Старик говорил долго, сопровождая восклицания жестами, пил и заставлял
пить меня. Сначала я только неохотно подавал реплики, но понемногу
заинтересовался странным обликом своего собеседника, стал подробнее отвечать
на его вопросы и даже сам спрашивать. В конце концов, может быть не без
влияния выпитого вина, я уже не мог не рассказать, кто я и зачем приехал в
столицу. Когда я назвал имя своего дяди, старик с немного преувеличенным
изумлением привскочил на стуле.
— Вы шутите, дитя мое, — пролепетал он.
Мне доставило наивное удовольствие это его удивление, и я сказал не без
самодовольства:
— Нисколько не шучу. Моя покойная мать была родной сестрой Питера
Варстрема. С братом она была в ссоре, и они не видались больше двадцати лет.
Но, умирая, она потребовала, чтобы я поехал в Столицу к дяде и попросил его
меня устроить. Она написала к брату письмо, и это письмо я везу с собой.
— Но, дитя мое! — с какой-то нежностью воскликнул старик. — Вы знаете,
что такое Питер Варстрем?
— Знаю: человек очень богатый, владелец одного из величайших в мире
банков.
— Очень богатый! Он говорит: очень богатый! Питер Варстрем миллиардер
и даже архимиллиардер! Он может купить всю Европу, и у него останется
достаточно денег, чтобы построить себе дворец на вершине Монблана и
содержать двор в тысячу человек! Он может тратить по полмиллиона ежедневно и
будет проживать только свои доходы! Питер Варстрем — король мира, потому что
правительства всех стран — его должники и готовы повиноваться его малейшему
жесту. Если он скажет сегодня: хочу, чтобы Азия пошла войной на Европу, —
завтра все железные дороги с Востока на Запад будут заполнены желтокожими, и
через месяц во всех столицах Европы будут править манджурские губернаторы! И
этого человека вы называете своим дядей! Да нет! Вы надо мной смеетесь или
заблуждаетесь сами. Не может племянник Питера Варстрема сидеть в трактире
‘Синей Сирены’ и пить вино, которым его угощает старый Тобби!
— Повторяю вам, — возразил я уже строго, — что здесь нет ни насмешки,
ни ошибки.
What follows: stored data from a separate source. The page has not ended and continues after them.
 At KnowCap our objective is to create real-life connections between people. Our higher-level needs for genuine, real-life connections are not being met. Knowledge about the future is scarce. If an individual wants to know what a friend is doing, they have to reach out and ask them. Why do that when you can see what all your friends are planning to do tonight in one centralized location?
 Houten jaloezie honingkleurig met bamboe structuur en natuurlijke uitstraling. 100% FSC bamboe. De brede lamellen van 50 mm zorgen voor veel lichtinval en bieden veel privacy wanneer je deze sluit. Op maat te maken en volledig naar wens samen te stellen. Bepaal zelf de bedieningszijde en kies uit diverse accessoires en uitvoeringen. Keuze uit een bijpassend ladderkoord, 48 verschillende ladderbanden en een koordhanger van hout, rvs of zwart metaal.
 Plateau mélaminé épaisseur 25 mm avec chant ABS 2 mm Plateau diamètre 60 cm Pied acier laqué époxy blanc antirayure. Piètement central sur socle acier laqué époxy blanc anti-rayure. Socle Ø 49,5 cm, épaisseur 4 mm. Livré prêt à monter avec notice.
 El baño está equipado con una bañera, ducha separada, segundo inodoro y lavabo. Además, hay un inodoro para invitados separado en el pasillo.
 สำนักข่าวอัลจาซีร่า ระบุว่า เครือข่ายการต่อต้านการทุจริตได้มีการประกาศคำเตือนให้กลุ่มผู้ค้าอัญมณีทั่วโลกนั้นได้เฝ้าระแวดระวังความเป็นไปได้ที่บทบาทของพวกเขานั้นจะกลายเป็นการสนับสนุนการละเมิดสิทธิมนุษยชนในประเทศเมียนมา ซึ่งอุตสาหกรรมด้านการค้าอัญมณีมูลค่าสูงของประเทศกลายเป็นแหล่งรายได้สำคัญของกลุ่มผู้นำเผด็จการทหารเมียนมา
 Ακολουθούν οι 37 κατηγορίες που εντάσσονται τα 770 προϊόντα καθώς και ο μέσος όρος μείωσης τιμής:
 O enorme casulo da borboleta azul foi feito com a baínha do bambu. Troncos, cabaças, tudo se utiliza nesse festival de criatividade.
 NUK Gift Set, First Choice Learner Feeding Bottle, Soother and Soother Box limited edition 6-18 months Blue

Я точно племянник того человека, которого вы величаете королем
мира. Но действительно, в то время, как он властвовал над правительствами
всех стран и замышлял дворцы на вершине Монблана, его сестра, а моя мать,
бедствовала в маленьком городке на Дунае, зарабатывала гроши стенографией и
умерла если не с голоду, то все же от разных лишений, расстроивших ее
здоровье. Ведь сказали же вы о себе: я не совсем то, чем кажусь с первого
взгляда. Так и я: я тоже не совсем то, чем сначала вам показался.
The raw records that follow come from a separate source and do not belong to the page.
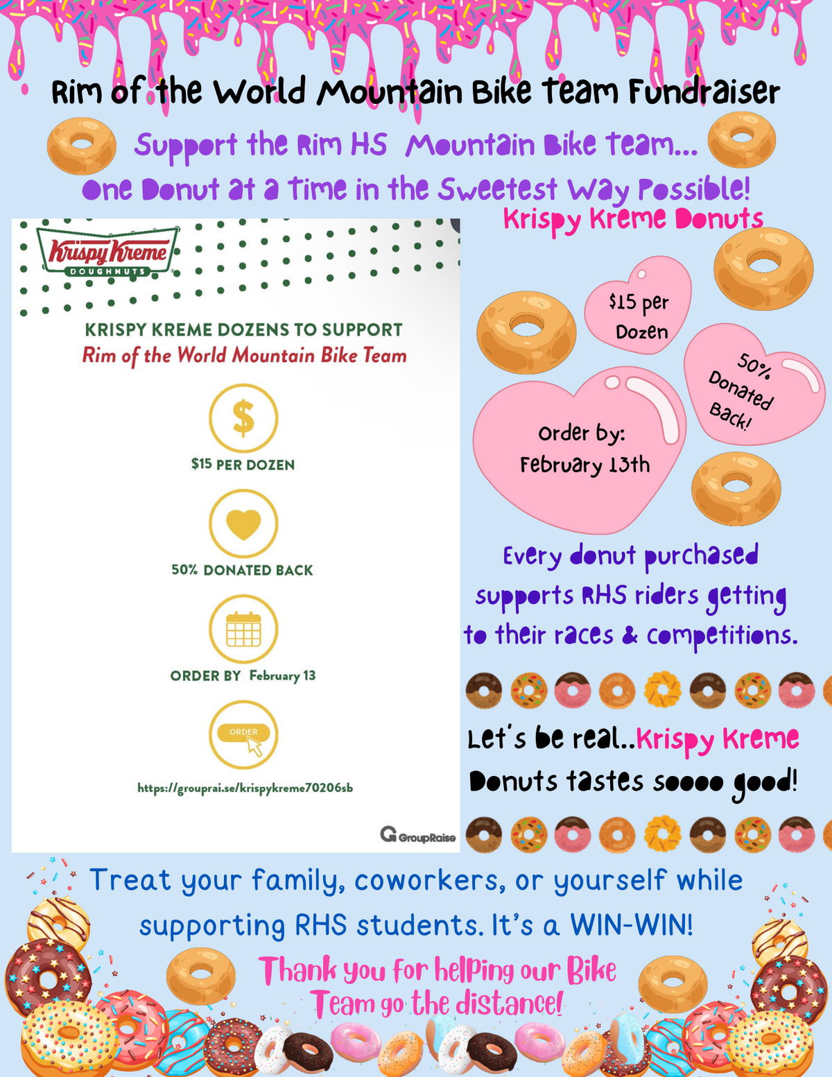 Page: Rim of the World Mountain Bike Team Fundraiser. Support the Rim HS  Mountain Bike Team... One Donut at a Time in the Sweetest Way Possible! Krispy Kreme Donuts.  Every donut purchased supports RHS riders getting to their races & competitions. $15 per order,  Order by February 13th, 50% Donated Back! Every donut purchased supports RHS riders getting to their races & competitions. Let’s be real..Krispy Kreme Donuts tastes soooo good! Treat your family, coworkers, or yourself while supporting RHS students. It’s a WIN-WIN! Thank you for helping our Bike Team go the distance!
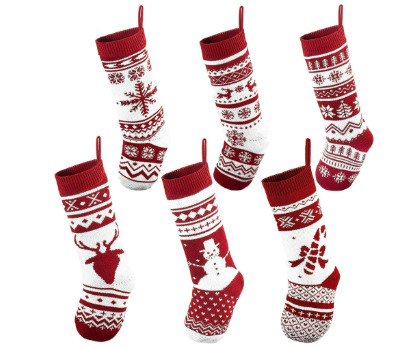 Set includes 6 large knit Christmas stockings (18 inches each)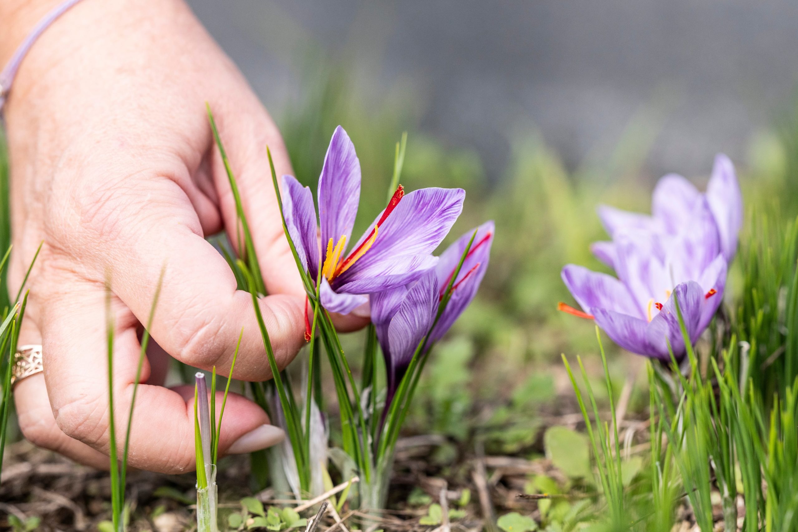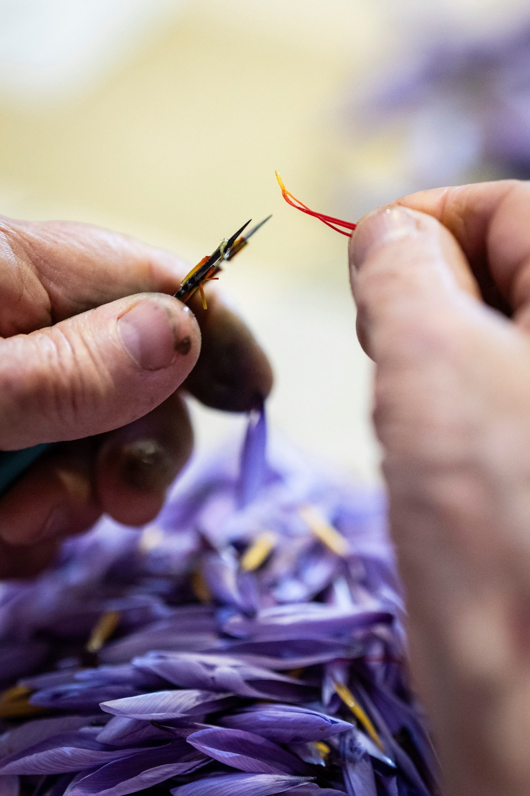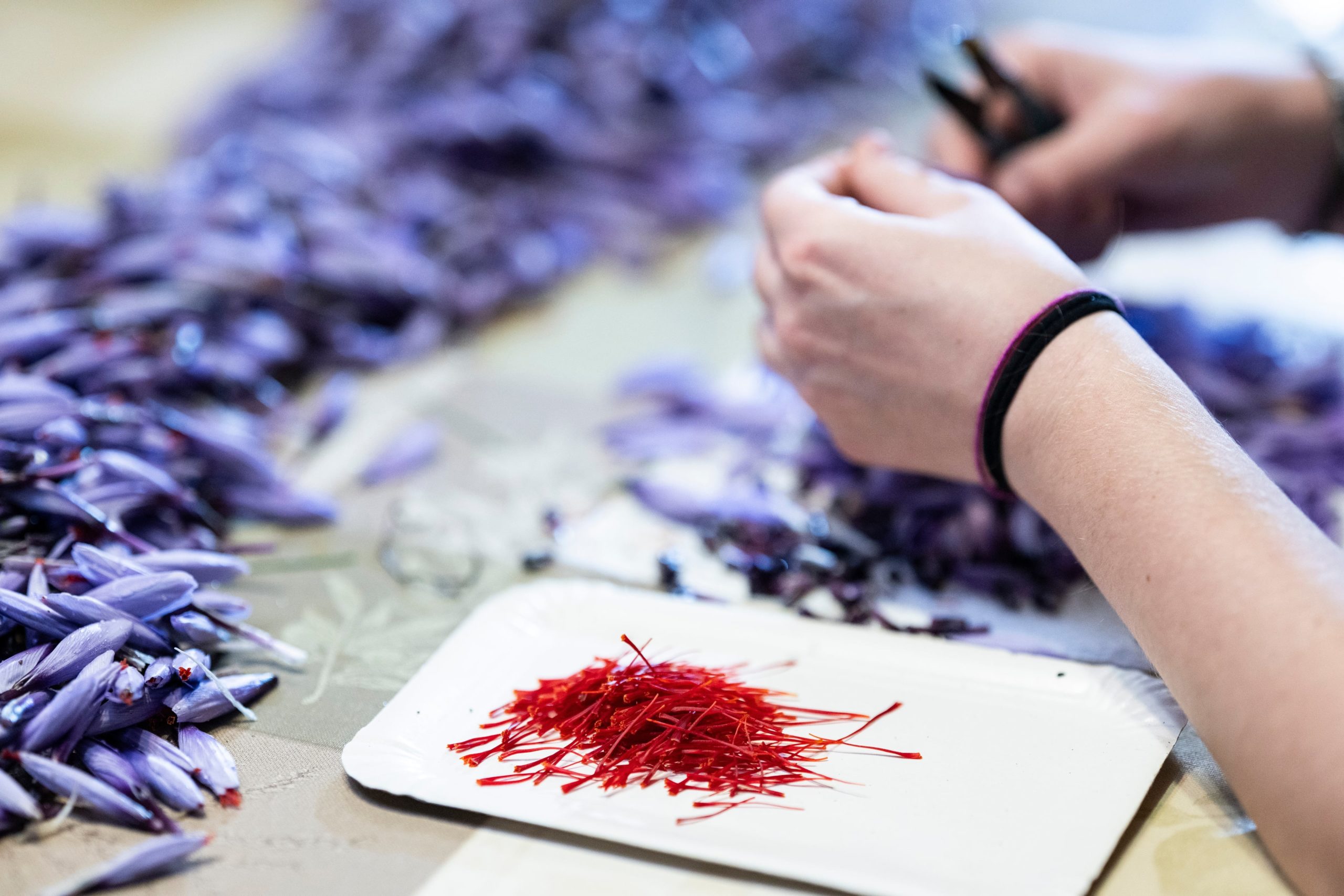 La récolte, concentrée sur un mois environ, demande une grande minutie : les fleurs sont cueillies à sec, souvent en fin de matinée, puis les trois stigmates, soigneusement extraits, sont débarrassés de la partie blanche amère et mis à sécher à l’air libre. Le feuillage continue de pousser tout l’hiver, avant de se dessécher en juin. C’est alors seulement que les bulbes peuvent être retirés, séparés et replantés pour assurer la pérennité de la culture.

Тогда старый Тобби торжественно встал, поднял стакан с остатками вина и
произнес очень серьезно:
— Если так, молодой человек, не окажитесь неблагодарным. Вспомните,
когда будете в славе и в силе, что старый, пьяный и грязный старик однажды,
не зная, кто вы тдкой, первый подошел к вам, угостил вас вином и от души
предложил вам свою помощь. Пью за ваш успех, господин Варстрем, за ваше
примирение с дядей, за ваше будущее превращение, пью за то, чтобы вы скорее
приняли тот образ, какой вам подобает! Будьте здоровы, помните мое имя:
старый Тобби, а я сумею найти вас.
Старик протянул мне руку. У меня не было никаких причин отказать ему в
своей. Мы расстались, как хорошие друзья. И через десять минут я уже был в
своей комнате, тщательно запер дверь, наскоро сбросил платье и кинулся в
постель с несвежим бельем, измученный, как человек, который пережил за один
день больше, чем за всю предшествующую жизнь.

    Из главы второй

Кажется, все было сделано, чтобы здание Международного банка
производило впечатление наиболее сильное.
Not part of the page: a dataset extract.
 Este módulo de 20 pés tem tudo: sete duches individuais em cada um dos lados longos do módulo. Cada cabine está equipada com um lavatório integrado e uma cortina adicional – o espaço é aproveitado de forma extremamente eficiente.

Дом был поставлен на широкой площади, где перекрещивались линии разных
трамваев. Десятиэтажный, он, как гигантская декорация, служил фоном для
беспрерывных сцен, которые разыгрывала на площади жизнь Столицы. Приливали и
отливали волны народа, как громадные ящеры стремительно сползали и убегали
прочь вагоны, грузовые автомобили порой наводняли все свободное место, но
пестрая, из разноцветного камня, достаточно безвкусная стена продолжала
закрывать даль. Эти десять рядов окон,
Эти нестройные фальшивые колонны, этот неуместно прихотливый изгиб
крыши с мозаичной картиной под ним стояли здесь, как судьба. Здание
подавляло собой все кругом, а только гигантские трубы городской
электрической станции, торжествуя над его вышиной, выдвигались сзади, уходя
в сырой туман неба.
По мере того, как я приближался по улицам к банку, мое волнение все
усиливалось. Сердце начало биться так, что я едва мог дышать. Мне
показалось, что, войдя в дверь, я не в силах буду произнести ни слова. Я
стыдился этого волнения, но не мог его преодолеть. Я начал медленно ходить
взад и вперед по тротуару, чтобы дать себе успокоиться.
Наконец, я решился переступить порог. Из вестибюля вело три громадных
стеклянных двери. Я выбрал ту из них, на которой было написано ‘Канцелярия’.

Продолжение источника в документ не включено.